Mehrparvar, Mohsen; Zytynska, Sharon E.; Balog, Adalbert; Weisser, Wolfgang W. (2018). Data from: Coexistence through mutualist-dependent reversal of competitive hierarchies [Dataset]. Dryad.


Mechanisms that allow for the coexistence of two competing species that share a trophic level can be broadly divided into those that prevent competitive exclusion of one species within a local area, and those that allow for coexistence only at a regional level. While, the presence of aphid-tending ants can change the distribution of aphids among host-plants, the role of mutualistic ants has not been fully explored to understand coexistence of multiple aphid species in a community.The tansy plant (Tanacetum vulgare) hosts three common and specialised aphid species, with only one being tended by ants. Often, these aphids species will not coexist on the same plant, but will coexist across multiple plant hosts in a field. In this study, we aim to understand how interactions with mutualistic ants and predators affect the coexistence of multiple species of aphid herbivores on tansy.
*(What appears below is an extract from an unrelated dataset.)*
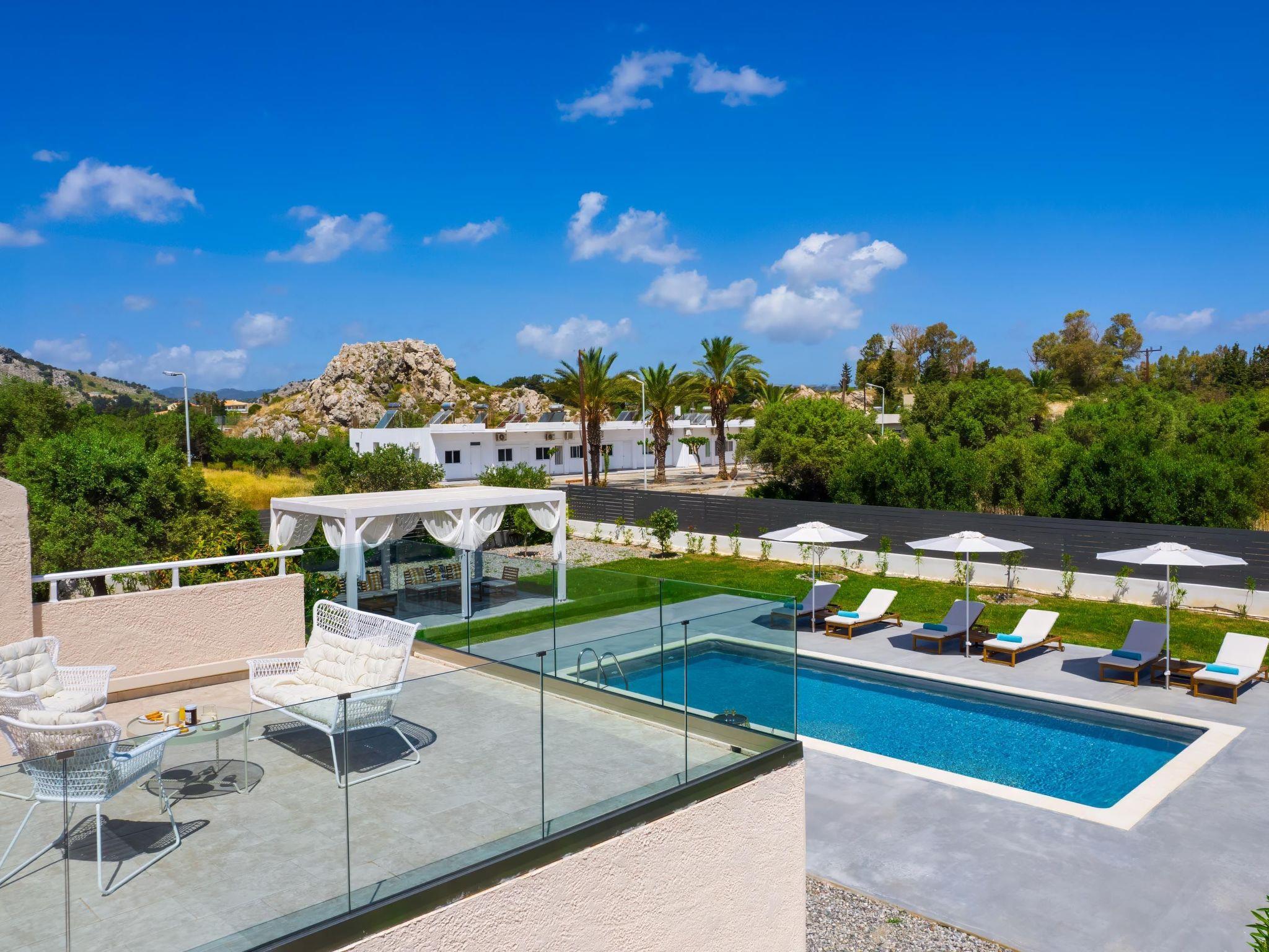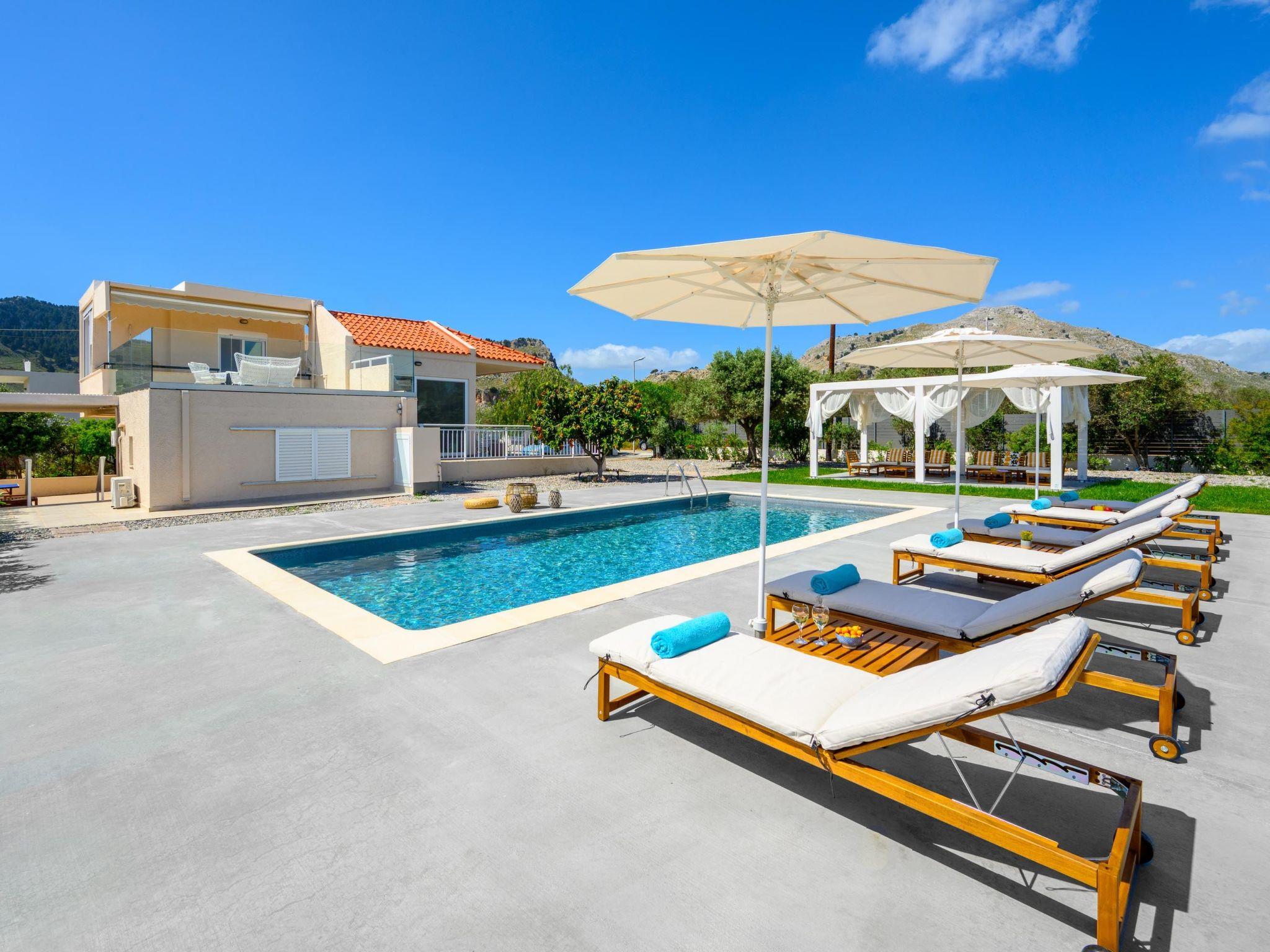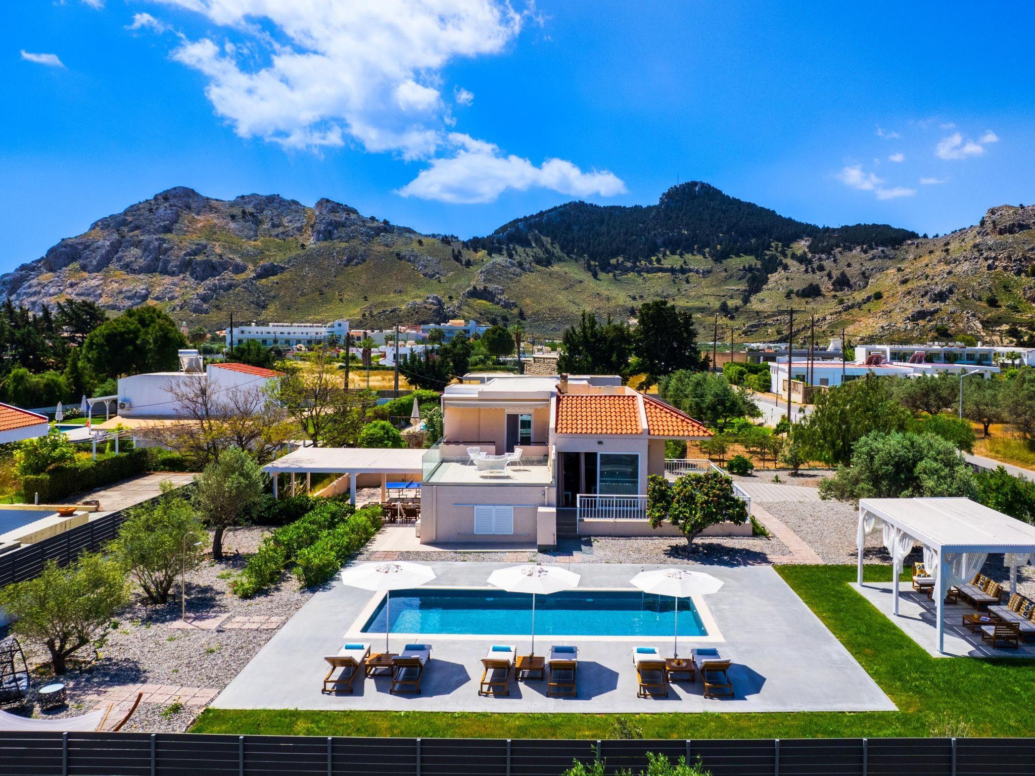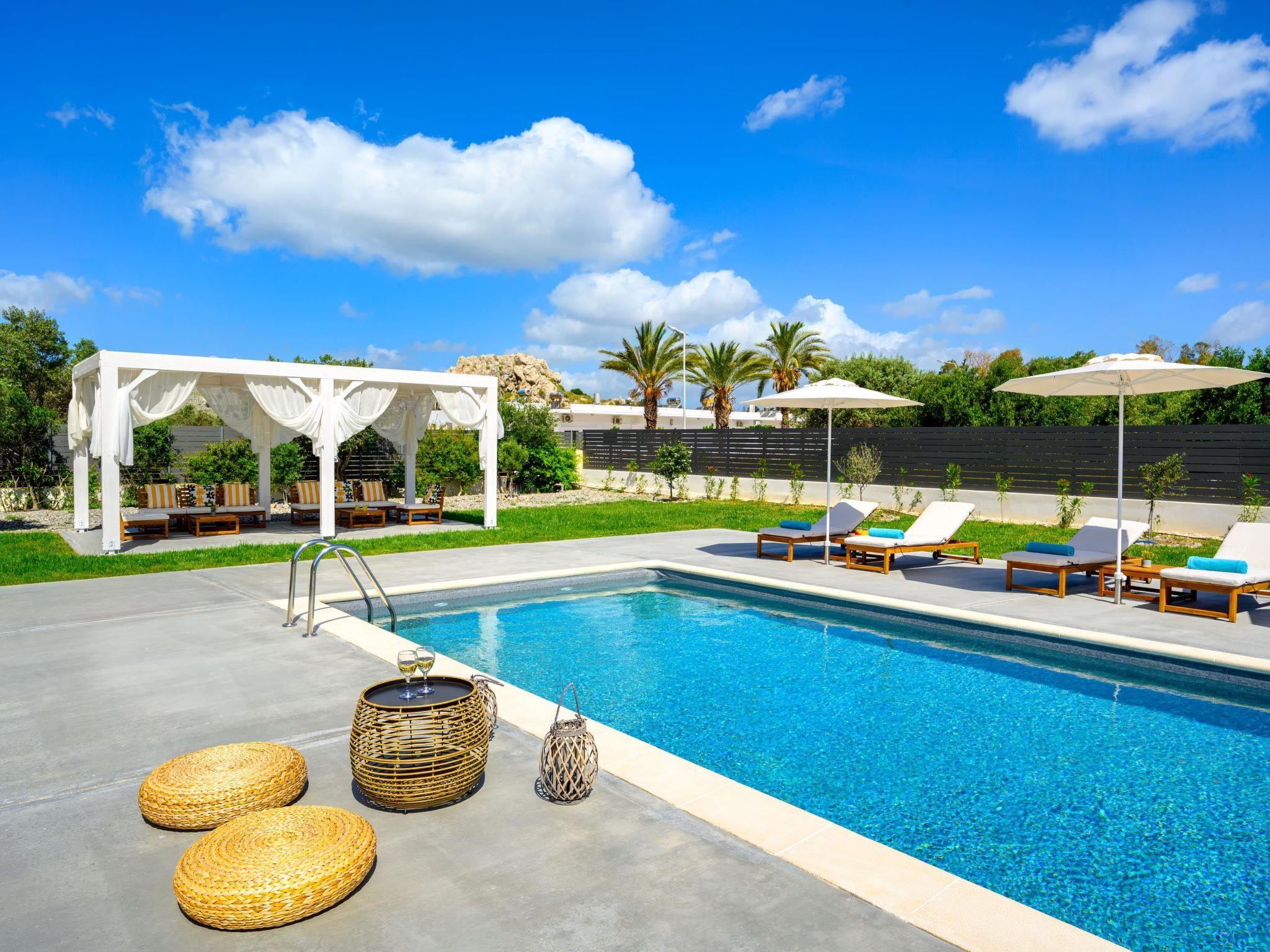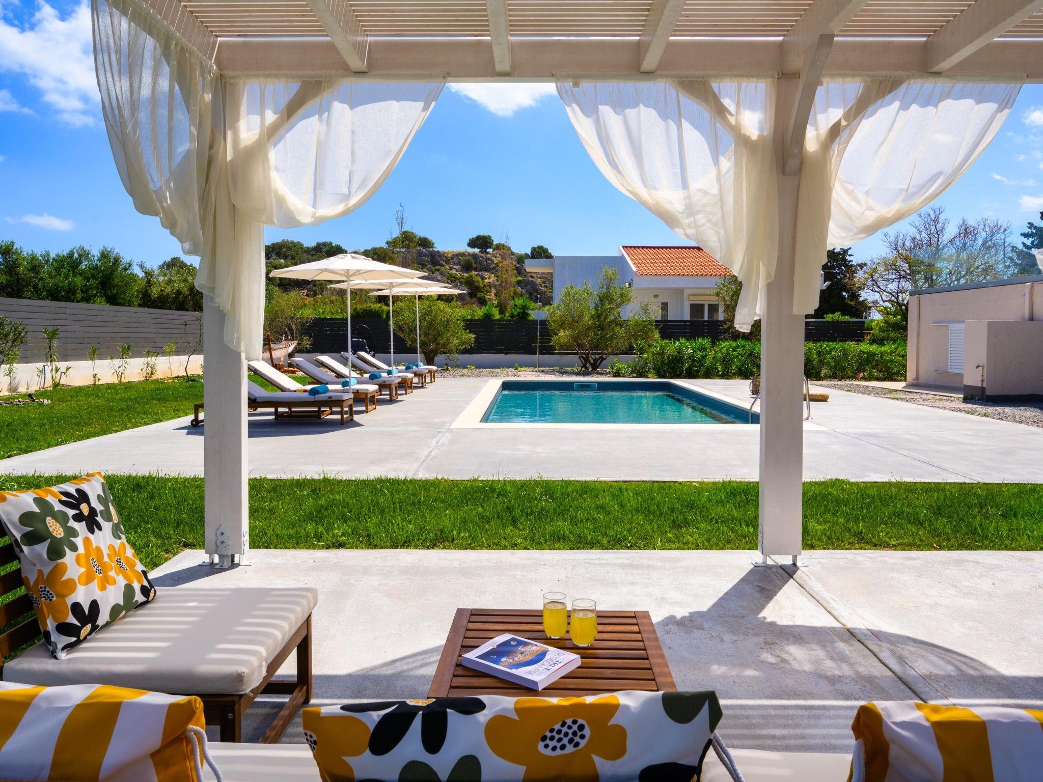 Eternity Villa in Kolympia, Rhodes, welcomes up to 7 guests. This spacious retreat offers modern amenities, including a private pool and lush garden. With multiple bedrooms and bathrooms, it ensures comfort and privacy for families or groups. Enjoy serene surroundings and easy access to nearby attractions during your stay.

We show that the presence of ants drives community assembly at the level of individual plant, i.e. the local community, by favouring one ant-tended species, Metopeurum fuscoviride, while preying on the non-tended Macrosiphoniella tanacetaria and, to a lesser extent, Uroleucon tanaceti. Competitive hierarchies without ants were very different from those with ants. At the regional level, multiple tansy plants provide a habitat across which all aphid species can coexist at the larger spatial scale, while being competitively excluded at the local scale. In this case, ant mutualist-dependent reversal of the competitive hierarchy can drive community dynamics in a plant-aphid system.